Work request: Pictures are to be left out. Return exactly the lines below from the one with "Rotate the white" up to and including the one with "Cartier armband i".

Provided entries:
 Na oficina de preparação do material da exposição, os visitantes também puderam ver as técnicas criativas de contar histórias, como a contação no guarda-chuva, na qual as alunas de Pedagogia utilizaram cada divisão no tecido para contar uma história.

...

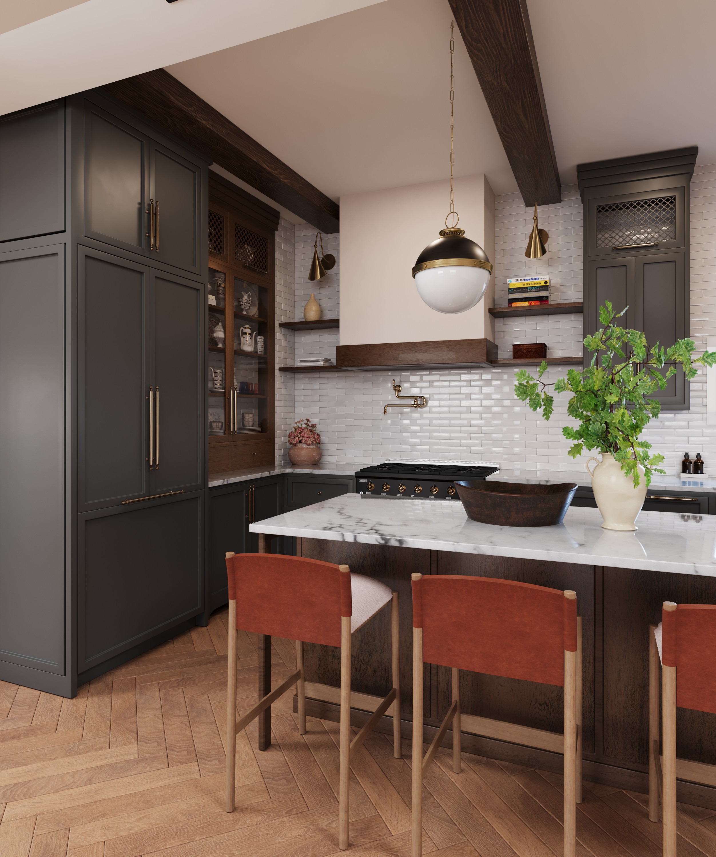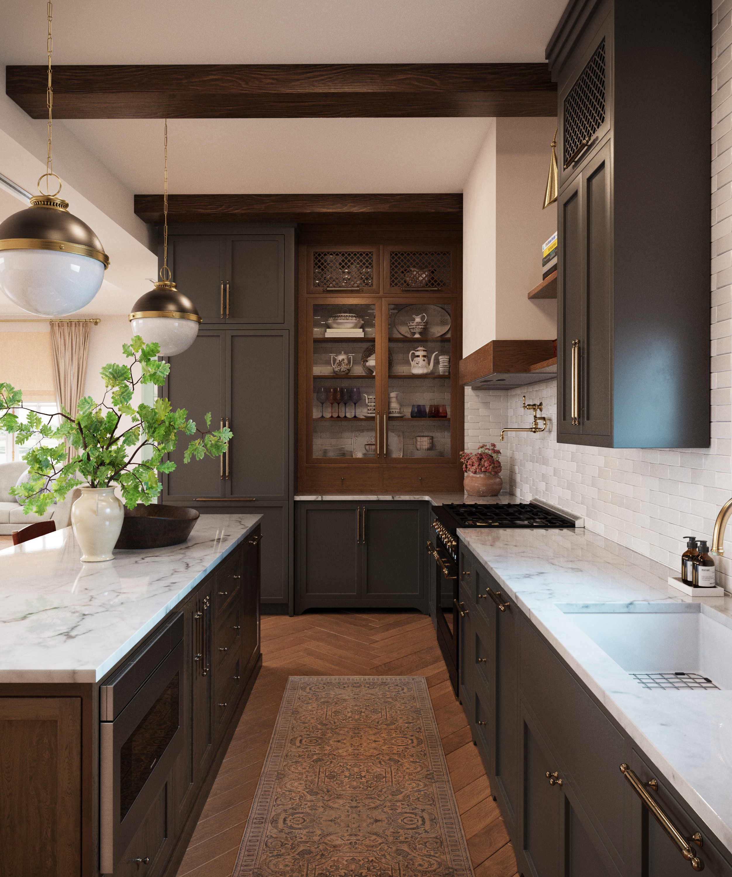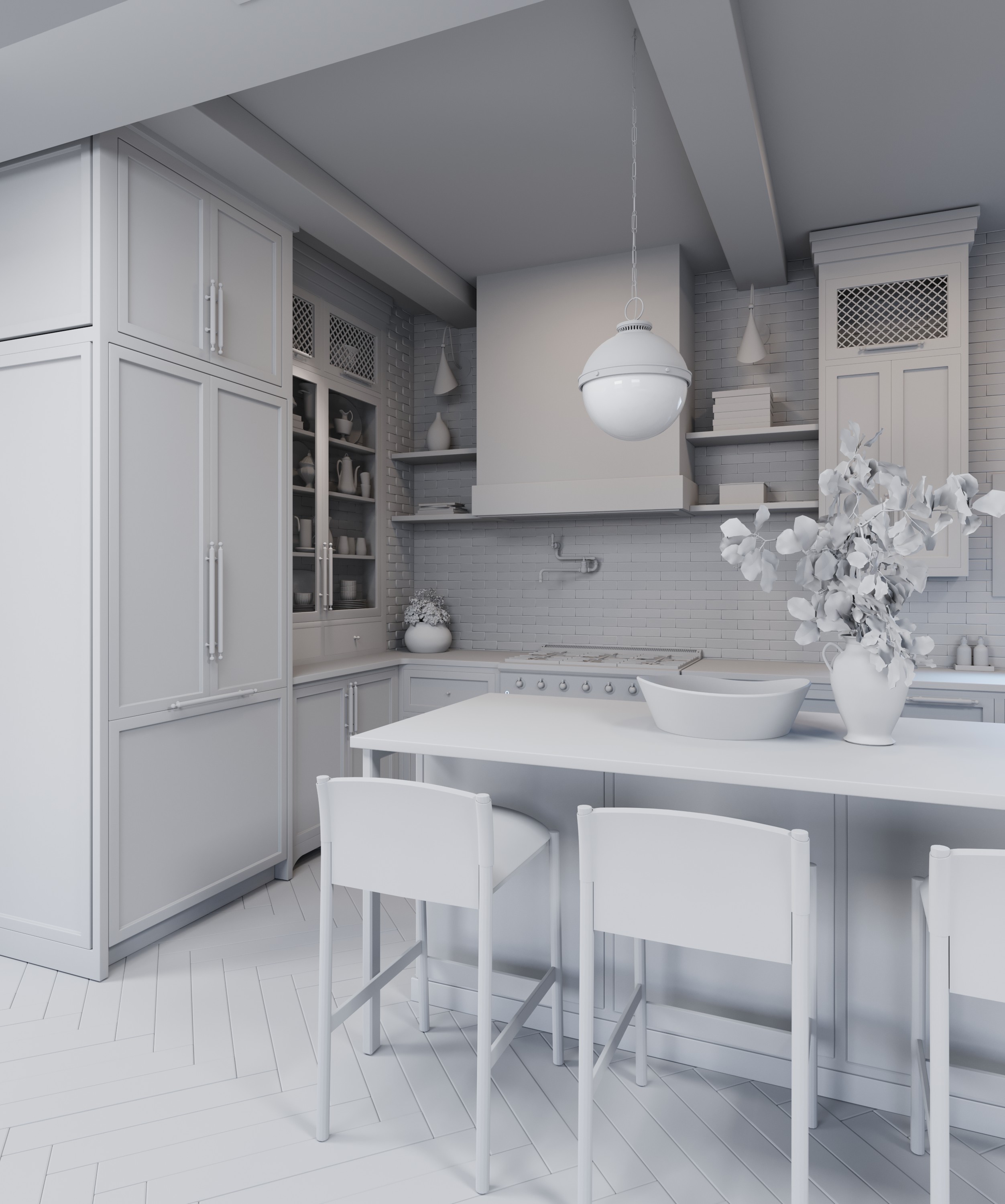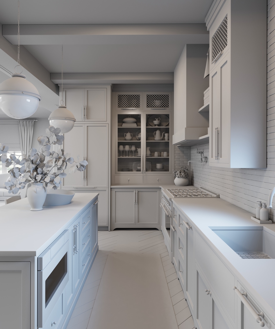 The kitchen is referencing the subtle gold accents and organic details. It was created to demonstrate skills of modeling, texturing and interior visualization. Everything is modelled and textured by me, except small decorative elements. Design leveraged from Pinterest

...

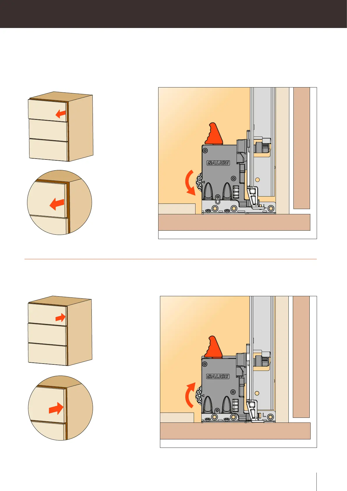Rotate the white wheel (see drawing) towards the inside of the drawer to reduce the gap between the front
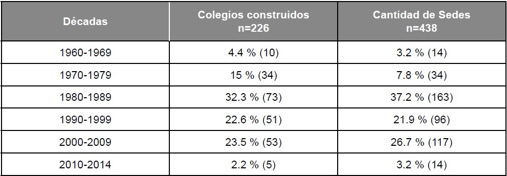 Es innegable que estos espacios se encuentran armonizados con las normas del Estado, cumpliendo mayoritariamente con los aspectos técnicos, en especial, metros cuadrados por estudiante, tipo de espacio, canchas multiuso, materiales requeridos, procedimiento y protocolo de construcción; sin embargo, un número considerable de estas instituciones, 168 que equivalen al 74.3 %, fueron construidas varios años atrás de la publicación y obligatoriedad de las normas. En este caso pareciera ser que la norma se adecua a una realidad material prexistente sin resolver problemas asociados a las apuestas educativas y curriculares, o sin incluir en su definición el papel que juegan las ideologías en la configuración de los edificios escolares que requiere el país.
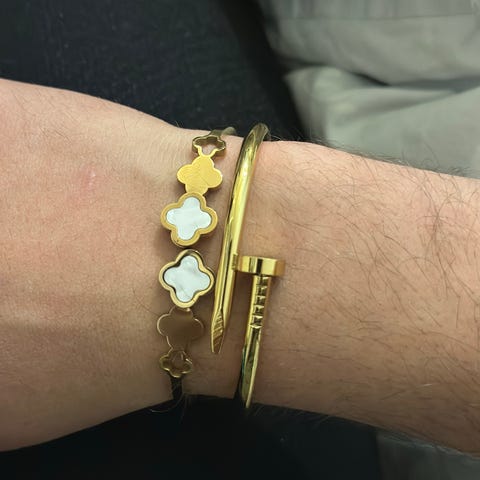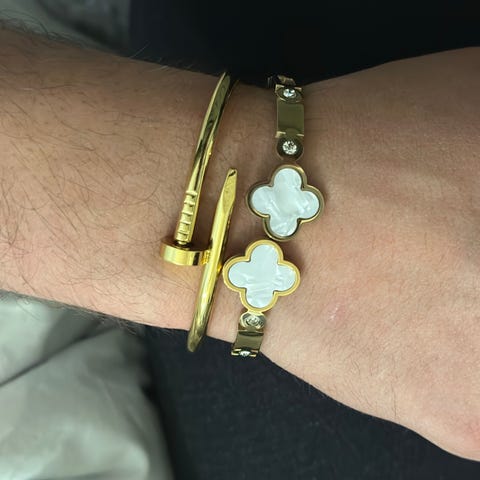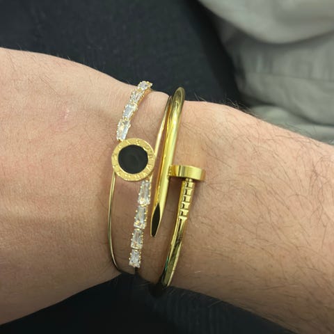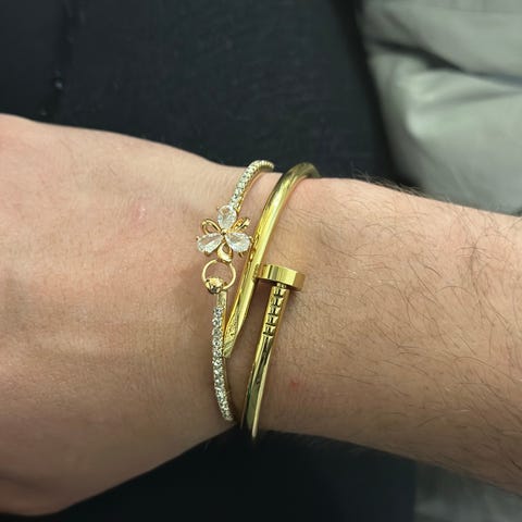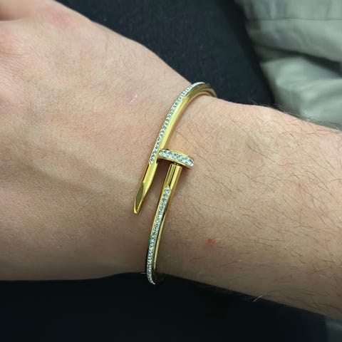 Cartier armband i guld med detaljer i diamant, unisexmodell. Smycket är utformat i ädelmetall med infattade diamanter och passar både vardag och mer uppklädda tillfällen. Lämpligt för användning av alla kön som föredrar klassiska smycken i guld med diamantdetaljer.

Task response:
Rotate the white wheel (see drawing) towards the inside of the drawer to reduce the gap between the front
 Es innegable que estos espacios se encuentran armonizados con las normas del Estado, cumpliendo mayoritariamente con los aspectos técnicos, en especial, metros cuadrados por estudiante, tipo de espacio, canchas multiuso, materiales requeridos, procedimiento y protocolo de construcción; sin embargo, un número considerable de estas instituciones, 168 que equivalen al 74.3 %, fueron construidas varios años atrás de la publicación y obligatoriedad de las normas. En este caso pareciera ser que la norma se adecua a una realidad material prexistente sin resolver problemas asociados a las apuestas educativas y curriculares, o sin incluir en su definición el papel que juegan las ideologías en la configuración de los edificios escolares que requiere el país.
 Cartier armband i guld med detaljer i diamant, unisexmodell. Smycket är utformat i ädelmetall med infattade diamanter och passar både vardag och mer uppklädda tillfällen. Lämpligt för användning av alla kön som föredrar klassiska smycken i guld med diamantdetaljer.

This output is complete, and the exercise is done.